Due to varying concerns and interests, it has become necessary for medical professionals to study how human movement is initiated, performed, maintained, and controlled. By studying and analyzing the musculoskeletal bases of movement, it is feasible to have an anatomical framework on which the dynamics of human movement can be referenced and illustrated in an unequivocal manner (Trew & Everett, 2001). Seminal investigations have demonstrated that the human body has an estimated 640 skeletal muscles, varying in size and purpose from minute vestigial muscles to large muscles such as the gluteus maximus (Jones & Barker, 2002). According to the authors, over one-third of the human body’s overall mass is made up of skeletal muscles. It is the purpose of this paper to offer a descriptive analysis of the bones and soft tissue structures that make up the arches of the foot.

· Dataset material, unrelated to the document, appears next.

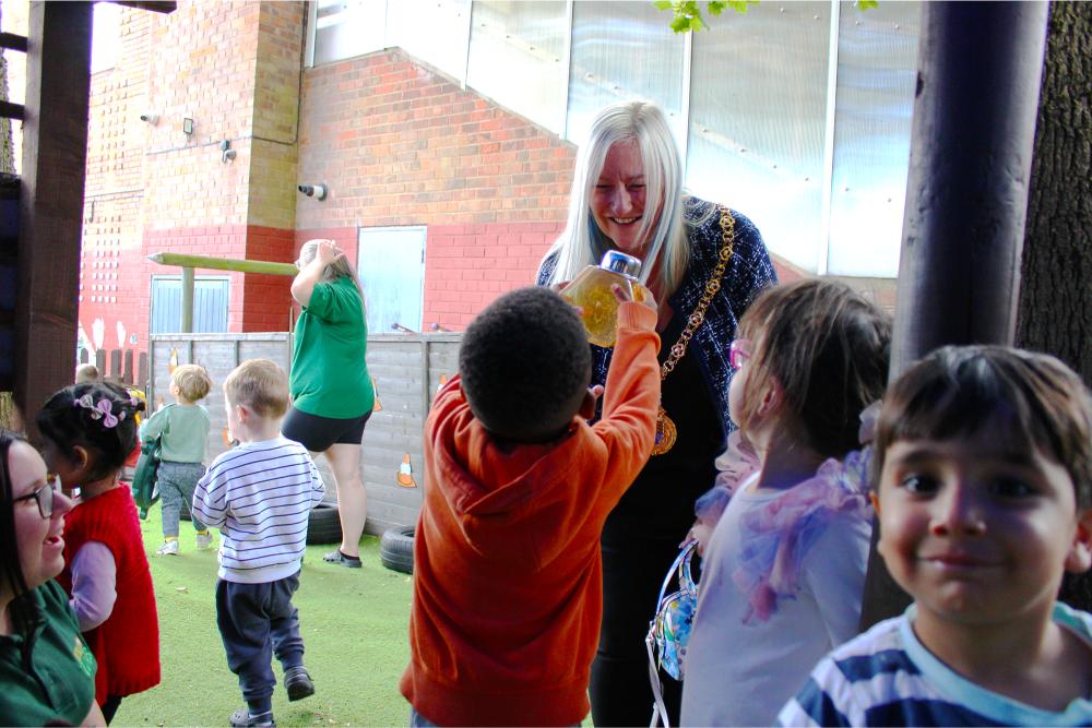 Little Tots Day Nursery in Sutton Coldfield had a very special visitor today, as the Mayor of Walsall, Councillor Louise Harrison, joined children, families and staff to celebrate the nursery’s recent Outstanding Ofsted result.

The arches of the foot are of particular importance by virtue of being tasked with the responsibility of allowing the foot to support the total weight of the body in an upright position with the least weight (Myers, 1997). Studies on this area are of concern to many professionals, including medical doctors, sports trainers, sportsmen, massage therapists, physiotherapists, and, to a large extent, ordinary people seeking to have knowledge on how they are able to coordinate movement and maintain stability in an erect posture.

Brief Description of Human Movement

The importance of skeletal muscles cannot be underestimated because without them, the body would be incapable of attaining its characteristic upright posture as may be witnessed by the devastating effects of Paraplegia. Movement becomes difficult when the body is unable to assume its normal upright position. According to Jones & Barker (2002) the “…muscles, exited by the nervous system, act on the skeletal structure of the body to promote movement and to provide stability to the skeleton” (p. 50). The muscles produce forces that put pressure on the joints of the body to either provide movement or offer skeletal stability. In normal circumstances, the amount of force applied by a muscle to cause mobility or stability is dependent on the muscle volume, biomechanical attributes and the constitution and position of the joint (Jones & Barker, 2002). Consequently, a wholly functioning musculoskeletal system is fundamental for proper movement to take place.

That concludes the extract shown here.